結論から言うと、「やめとけ」は半分正しくて、半分は人によります。
この記事では、なぜそう言われるのかを構造として説明したうえで、
「続けたほうがいい人」と「移ったほうがいい人」を分ける判断基準を整理します。
中小代理店でのテレアポ営業から、大手代理店での実務まで経験してきた立場から書いています。

目次

なぜ「広告代理店 やめとけ」と言われるのか

締め切りが「今日」と「明日」しかない

代理店の仕事には、独特の時間感覚があります。
代理店時間での「今日中」は「翌日の始業まで」と読み替えることが業界内の常識ですし
提案資料や報告資料の締め切りは、たいてい夜に話が来て「リミットは明日まで」であったりします。
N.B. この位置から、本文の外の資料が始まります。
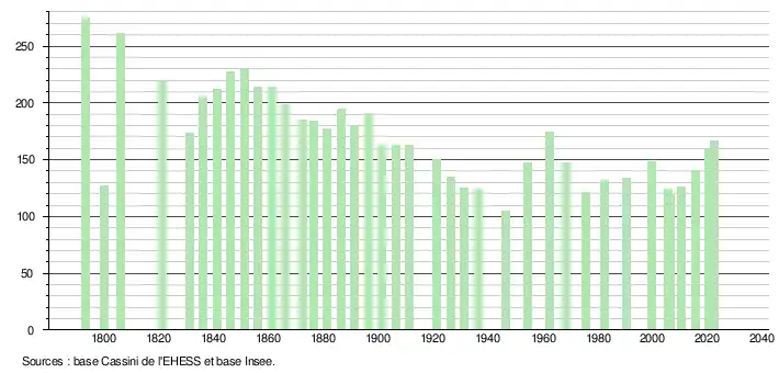 L'évolution du nombre d'habitants est connue à travers les recensements de la population effectués dans la commune depuis 1793. Pour les communes de moins de 10 000 habitants, une enquête de recensement portant sur toute la population est réalisée tous les cinq ans, les populations de référence des années intermédiaires étant quant à elles estimées par interpolation ou extrapolation[25]. Pour la commune, le premier recensement exhaustif entrant dans le cadre du nouveau dispositif a été réalisé en 2005[26].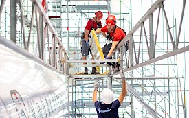 Wie verankert man ein Baugerüst in einer Glasfront? Diese und weitere Fragen lösten die Brückinger bei der Einrüstung des denkmalgeschützten Iduna-Pavillons in Münsters…

前日の夜、下手をすれば当日の深夜まで手を動かすことになる。これが月に何度もある。
慣れてくると耐性はつきますが、耐性がつくこと自体が異常と言えば異常です。

顧客の期待値を超えられなかったときの重さ

数字が未達だったときのつらさは、実はそこまでではありません。
本当にこたえるのは、自分の専門性やプロフェッショナリズムを発揮しきれずに、
顧客をがっかりさせてしまったと感じる瞬間です。
数字は挽回できますが、「この人に任せて大丈夫か」という信頼の揺らぎは、簡単には取り戻せません。

オーダーがフワフワしているときの消耗

顧客からの要望が明確ならまだいい。
「なんとなくこういう感じにしたい」というオーダーを、こちらで輪郭を作って形にしていく仕事は、精神的な体力を削ります。
社内に知見がある領域ならまだしも、誰も答えを持っていないときは、
媒体社や関係各社にまで声をかけて情報を集めることになります。
答えのない問いに、自分で答えを作りにいく仕事です。

割に合わない仕事から抜けられない構造

作業量に対して収益が明らかに見合わない案件は、
代理店であれば一度は経験します。
それでも「この顧客を落とすわけにはいかない」という理由で、疲弊しながら続けてしまう。
個人の意思決定ではなく、構造として抜けにくい仕組みになっていることが多いです。

「昇進の天井」と「AIへの不安」

もう一つ、数字には出にくいキツさがあります。
ある程度のところまで活躍できても、上のポストが詰まっていて昇進が見えないという壁。
そして、AIの台頭で、自分が積み上げてきたスキルの価値がこの先どうなるのか分からないという不安です。
目の前の仕事がきついこと以上に、この「この先どうなるか分からない」という感覚のほうが、実は辞める理由として大きいのかもしれません。

それでも「全員がやめるべき」ではない理由

ここまで読むと、代理店の仕事は苦行にしか見えないかもしれません。
ですが、同じ環境にいても、消耗していく人と、むしろ力を発揮していく人がいます。

私自身が続けてきた理由を振り返ると、
専門性を身につけて「求められる人材」になりたい
という気持ちがありました。
テレアポだけをやっていた駆け出しの頃は「これを40年やるのか」と思ったこともあります。
それでも、人より得意にできる領域を持っていたいと考えていました。

一番手応えを感じるのは、自分が立てた仮説を実際に検証して、
顧客の課題を解決できたときです。自分の能力が120%発揮されている感覚——これに勝る報酬はありません。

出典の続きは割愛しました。